In the context of rapid credit growth and potential risks to the financial system, the Prime Minister has just directed the State Bank of Vietnam to take the lead in developing a set of criteria for credit safety control, with a deadline of completion in July 2025.
The Government has just issued Resolution No. 205 of the regular Government meeting in June 2025 and the Government's online conference with localities.
In this document, the Prime Minister requested the State Bank of Vietnam to continue to closely monitor the world and domestic situation, proactively, flexibly, promptly and effectively manage monetary policy tools; manage exchange rates and interest rates synchronously, harmoniously and reasonably; strive to reduce lending interest rates; direct credit institutions to direct credit to production and business sectors, priority sectors and growth drivers.
Urgently consider removing administrative tools in credit growth management; transfer credit growth management to market mechanisms and risk assessment of each credit institution, develop a set of criteria for credit safety control; complete in July 2025 in accordance with the direction of the Prime Minister in Official Dispatch No. 104/CD-TTg dated July 6, 2025.

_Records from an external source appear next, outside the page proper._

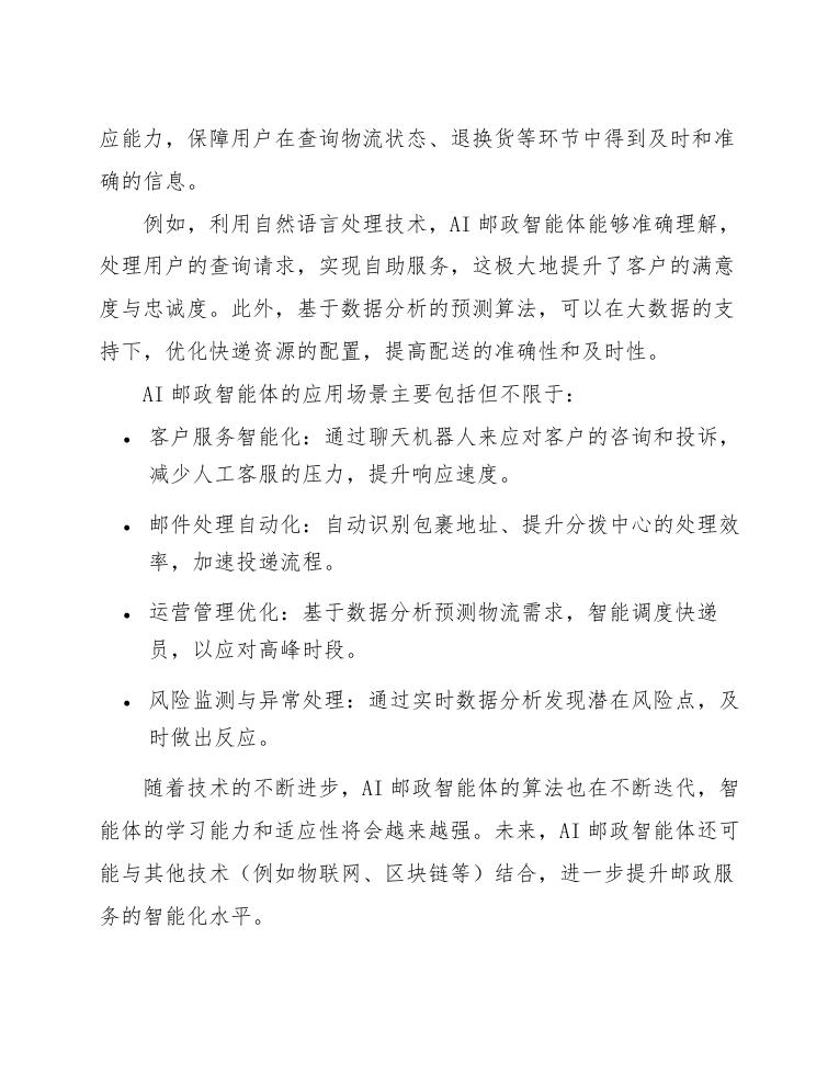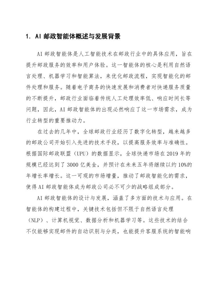 未来,随着技术的进一步成熟与普及,AI邮政智能体将不仅限于提升现有邮政服务的效率,更将引领行业的新一轮技术革新,为消费者提供更加便利、高效的邮政体验。
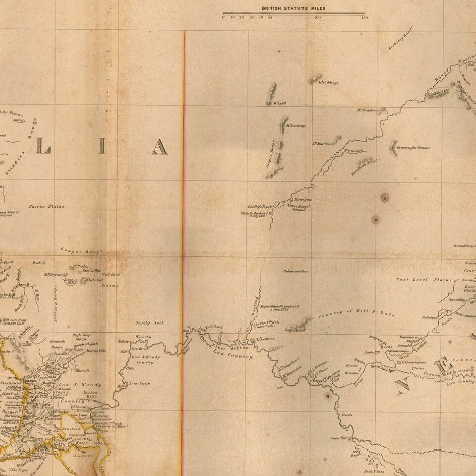 By the 1740s, the coastlines of the subcontinent were well defined following the explorations of Matthew Flinders and others. However, a majority of the interior remained a complete enigma. Importantly the map depicts the recent discoveries of several explorers, especially with respect to the conspicuous detail in the interior of what in now Victoria and the far southern part of New South Wales.
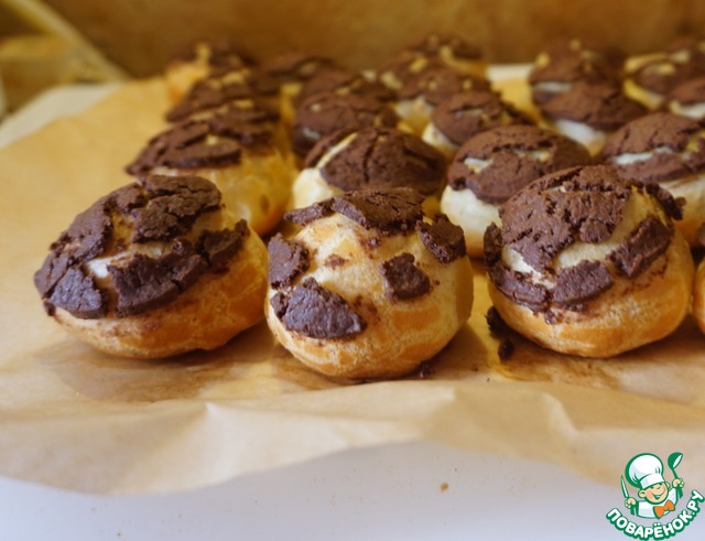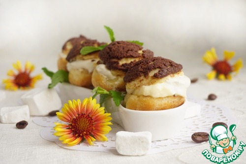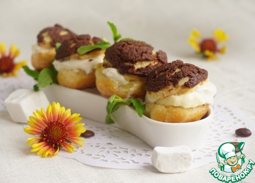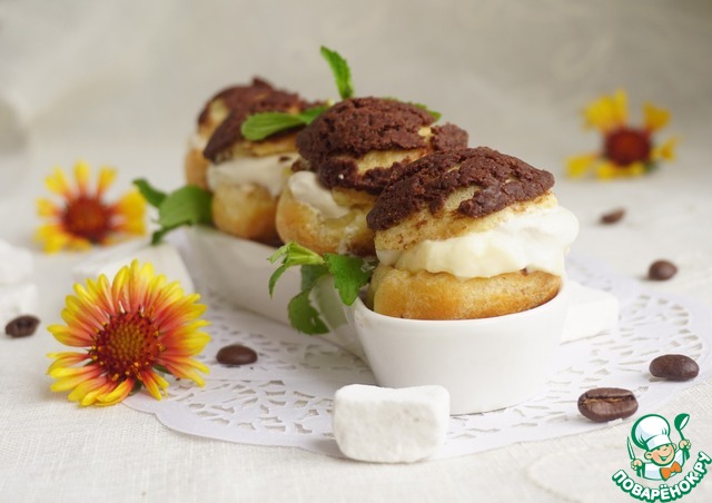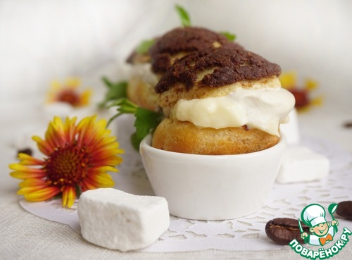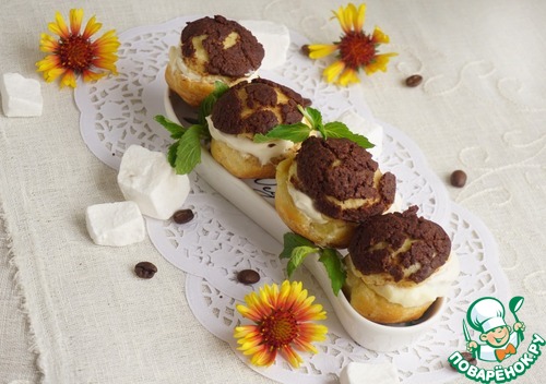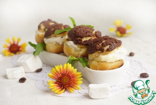 Профитроли с шоколадным штрейзелем и кофейными сливками
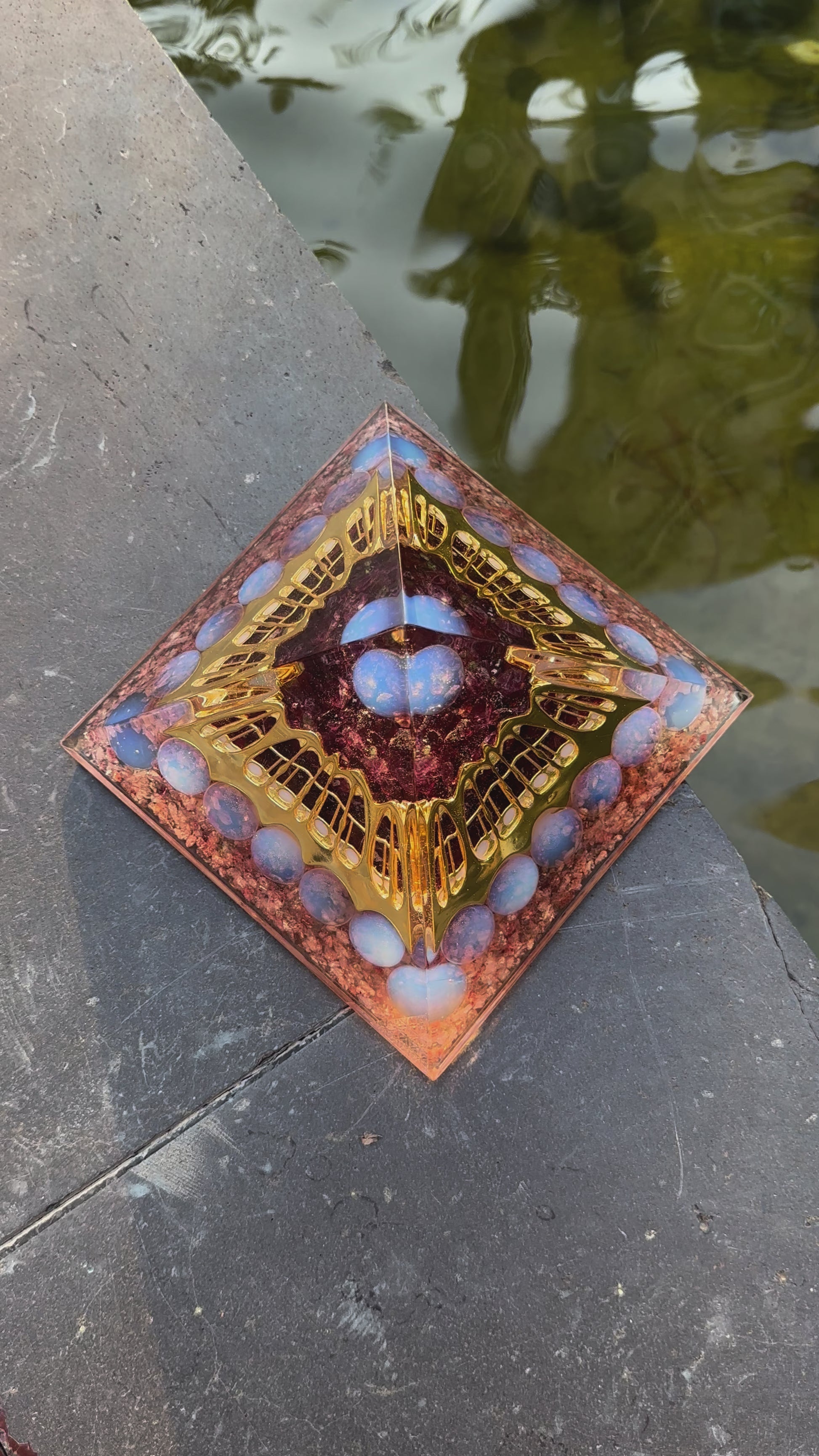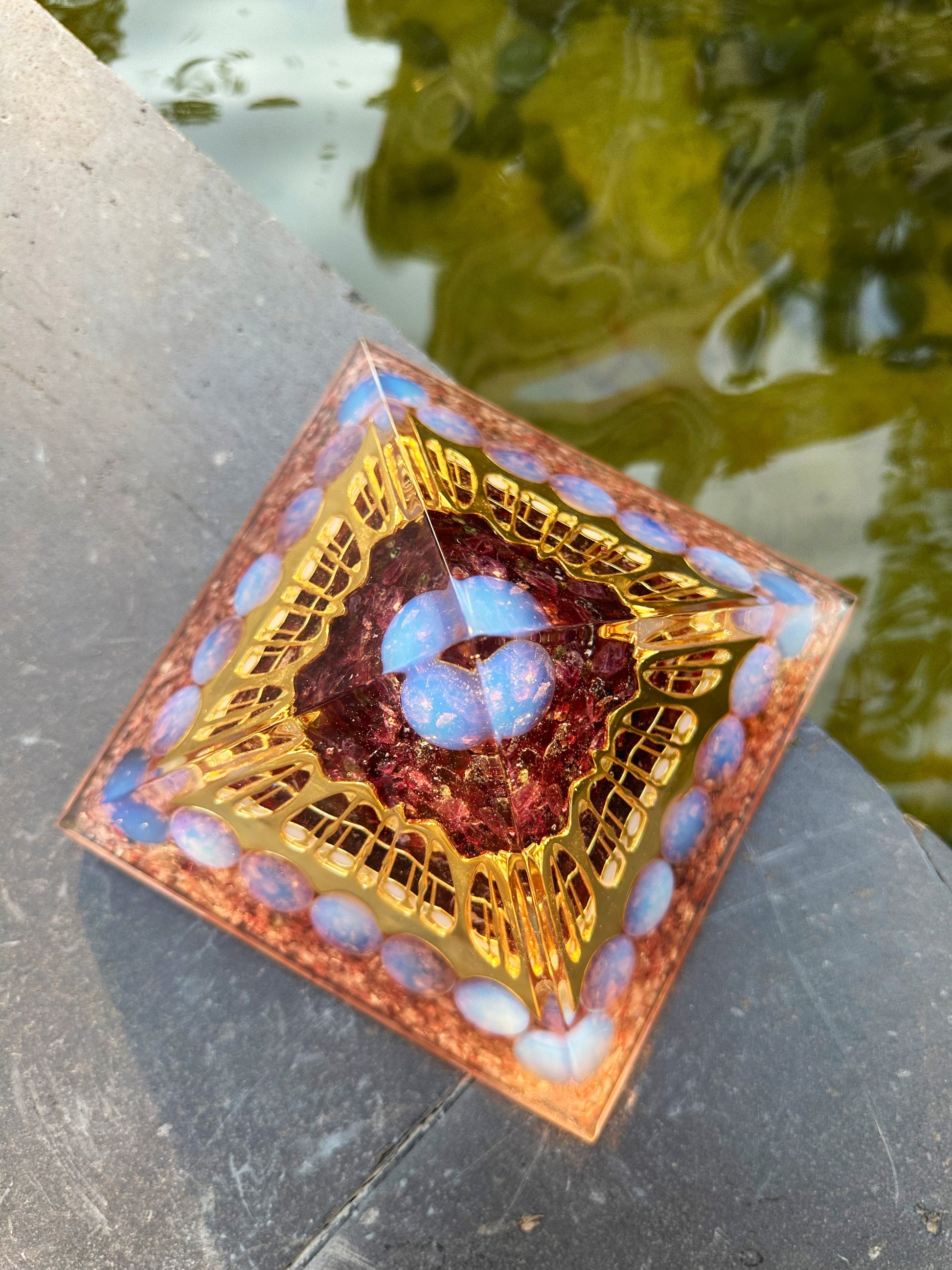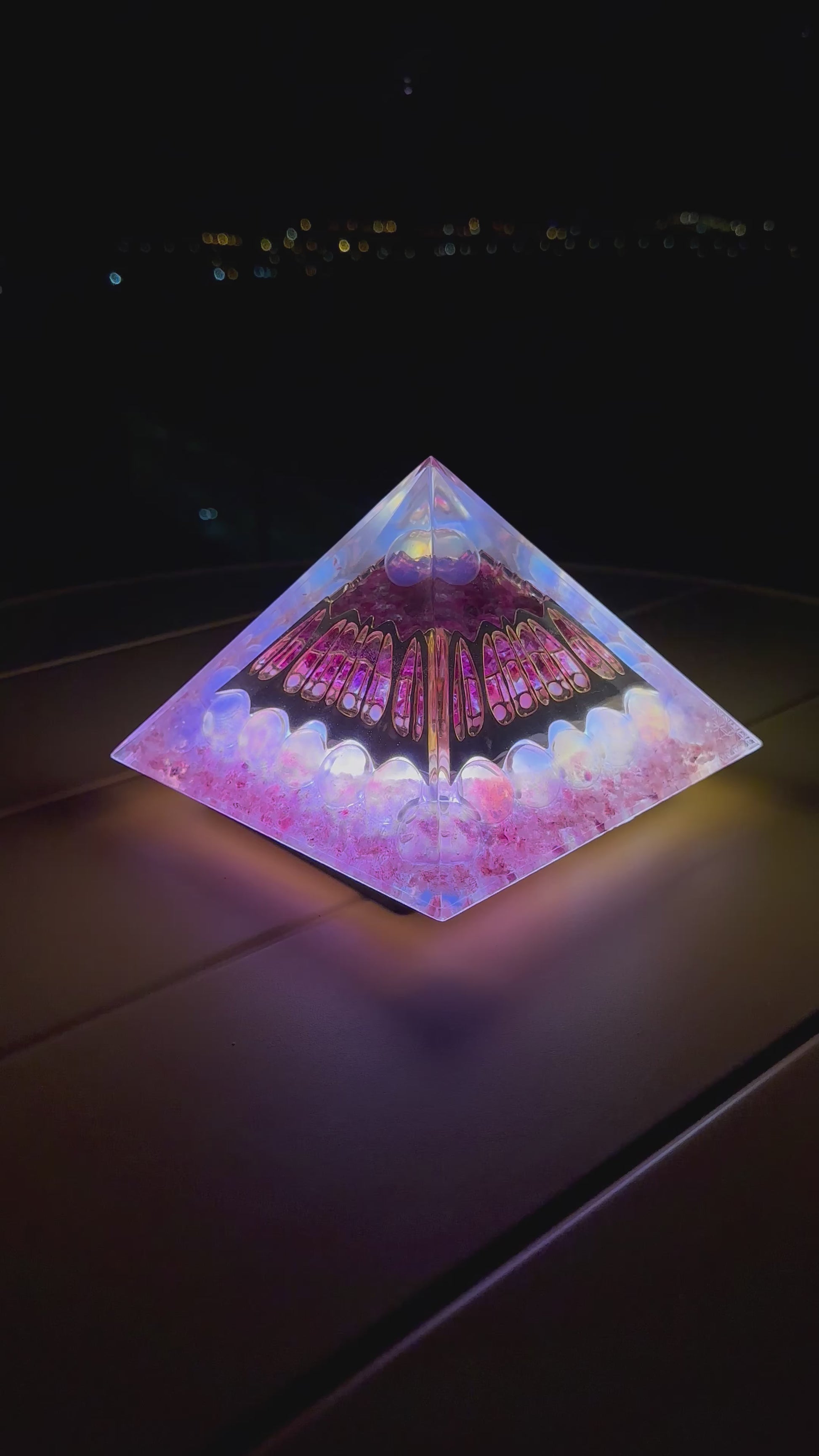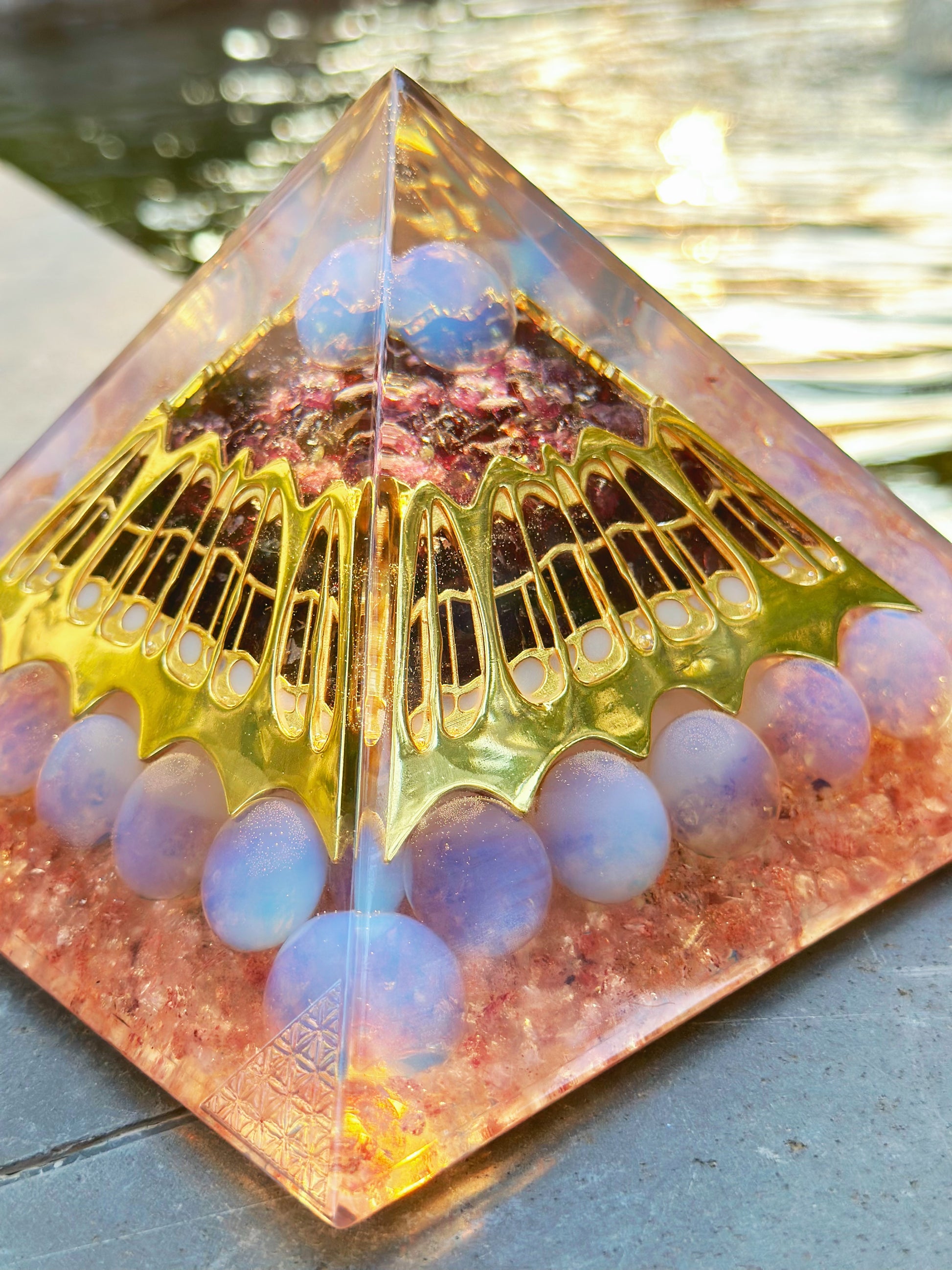 Inspirado por la Casa Batlló de Gaudí, está hecho de cuarzo fresa, granate, esferas de ópalo y accesorios metálicos especialmente diseñados con la forma de las ventanas del salón de la Casa Batlló. Te trae frecuencias vibratorias de felicidad y prosperidad.
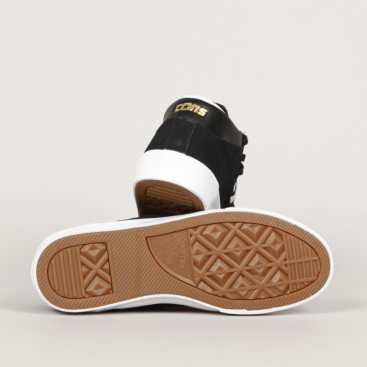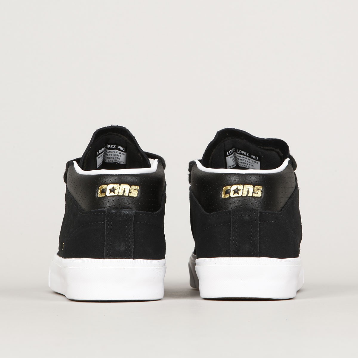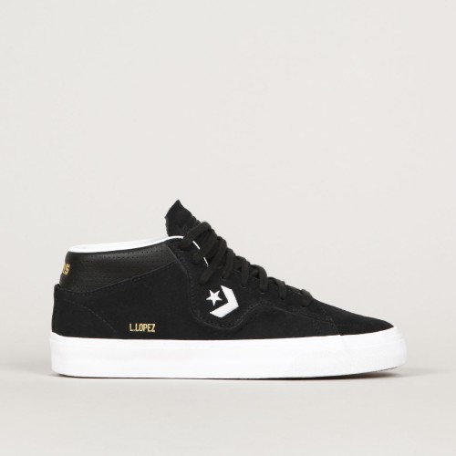 Boty Converse CONS. Pro-model Louie Lopez Pro Mid v černém provedení a vulkanizovanou bílou podrážkou. Čistá, dlouhá špička s decetním prošíváním a kožený vnitřek patky. Z boku boty je vyšité kontrastní logo Star Chevron. Vysoký polstrovaný lem ke kotníku, odolná špička a vnitřní pěnová vložka pro měkkčí dopady a větší pohodlí. Zlatý nápis L. Lopez na vnější straně bot. Na patce vyražený zlatý nápis Cons a na jazyku je pak logo Converse CONS.
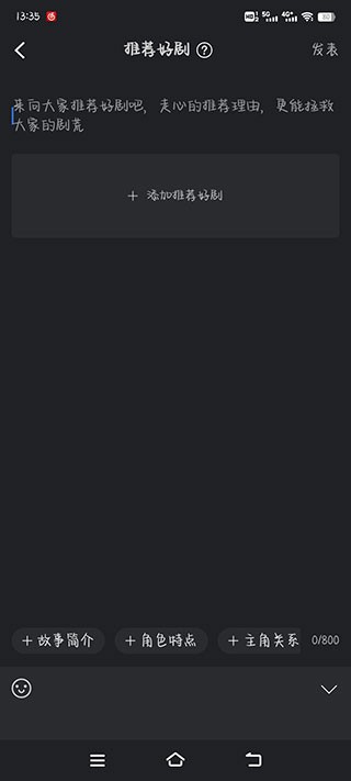 4、倘若你自己也希望发表作品,不妨点击“底部的推荐好剧”,进入编辑页面。这里设有故事简介、角色特点、主角关系等选项,能助力你更有条理地理清思路,撰写出优质的影评,从而收获点赞与支持。
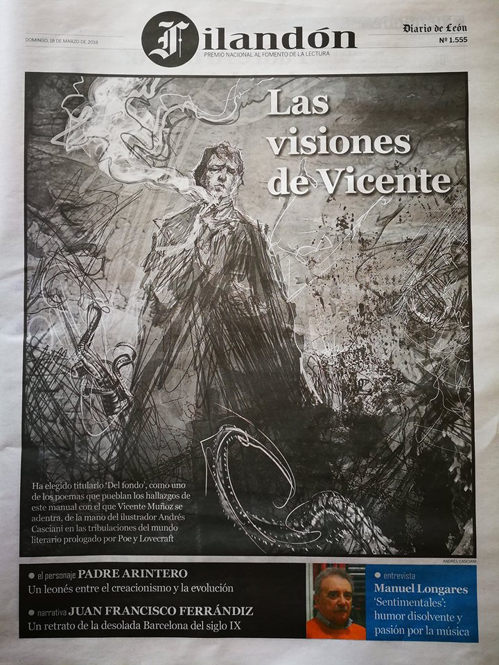 Acaba de publicar Vicente Muñoz su obra más ocura. Del fondo es, según sus palabras, una versión ampliada y revisada de Buscando la luz, un poemario que publicó en formato de bolsillo con Vinalia Trippers, su sello editorial, en 1998. «Editamos entonces 300 ejemplares que pronto se agotaron y ahí quedó todo»... O no, porque hace un par de años Andrés Casciani, un ilustrador argentino habitual de Vinalia Trippers, le propuso ilustrar uno de sus libros. «Estuve pensando durante algún tiempo qué podría encajar mejor en su estilo, expresionista, tenebroso y oscuro, y decidí revisar aquel poemario, que me pareció que le iba como anillo al dedo a su estética», destaca. Así que se lo envió y el ilustrador se mostró entusiasmado. A partir de ese momento comenzó el proceso creativo, que ha durado más de un año. «Cada semana, me enviaba una o dos ilustraciones, hasta completar las más de setenta que incluye el poemario», explica.
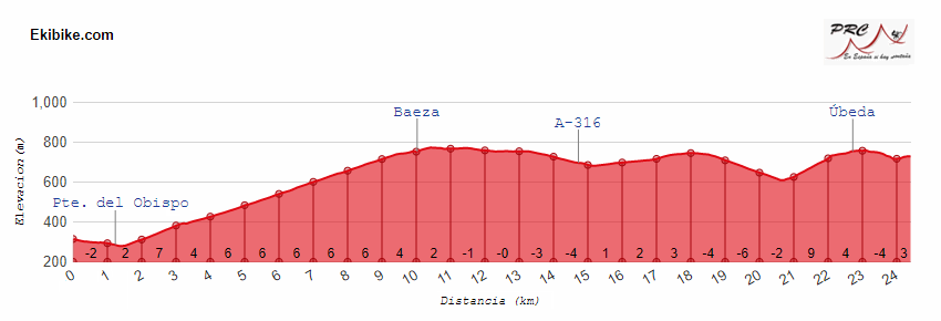 La meta, como en días anteriores, está colocada en cuesta, tres finales «uphill» de tres, si bien en este caso es una subida muy corta … tras el descenso de un repecho duro con el que se accede a Úbeda, coronándose a solo un km y medio de meta. En definitiva, territorio acotado para clasicómanos ardeneros y vueltómanos que vengan con intención.
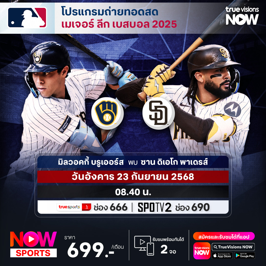 Milwaukee Brewers Vs San Diego Padres เวลา08.40 ทางช่อง TS 1 (666) /SPOTV2 (690)

Previously, at a press conference to inform about the banking sector's performance in the first 6 months of 2025. Deputy Governor Pham Thanh Ha said that with synchronous solutions, credit growth was positive from the beginning of the year, significantly improving compared to the same period in 2024. By June 30, economic credit reached over 17.2 million billion VND, up 9.9% compared to the end of 2024, up 19.4% compared to the same period in 2024. This is the highest growth rate since 2022.
According to the State Bank's leaders, in the first 6 months of 2025, the State Bank will continue to maintain the operating interest rates to create conditions for credit institutions to access capital from the State Bank at low costs, thereby creating conditions to support the economy.
At the same time, the State Bank regularly directs credit institutions to continue to reduce operating costs, increase the application of information technology, digital transformation and other solutions to strive to lower lending interest rates.
“Thanks to the above solutions, the average lending interest rate (applied to new loans) has decreased by 0.64% compared to the end of 2024. The current average lending interest rate is 6.24%,” said the Deputy Governor.
According to Mr. Pham Thanh Ha, the State Bank regularly directs credit institutions to promote credit growth while ensuring credit safety, focusing credit on production and business sectors, priority sectors and economic growth drivers according to the Government's policy; strictly controlling credit for sectors with potential risks; continuing to implement solutions to create favorable conditions for customers to access bank credit capital.
The Deputy Governor emphasized that the State Bank always closely monitors developments in the domestic and international macro-economy, financial and monetary markets to develop appropriate management scenarios; proactively, flexibly, promptly and effectively manage monetary policy, closely and synchronously coordinate with fiscal policy and other macroeconomic policies, contributing to prioritizing the strong promotion of economic growth associated with maintaining macroeconomic stability, controlling inflation, and ensuring major balances of the economy.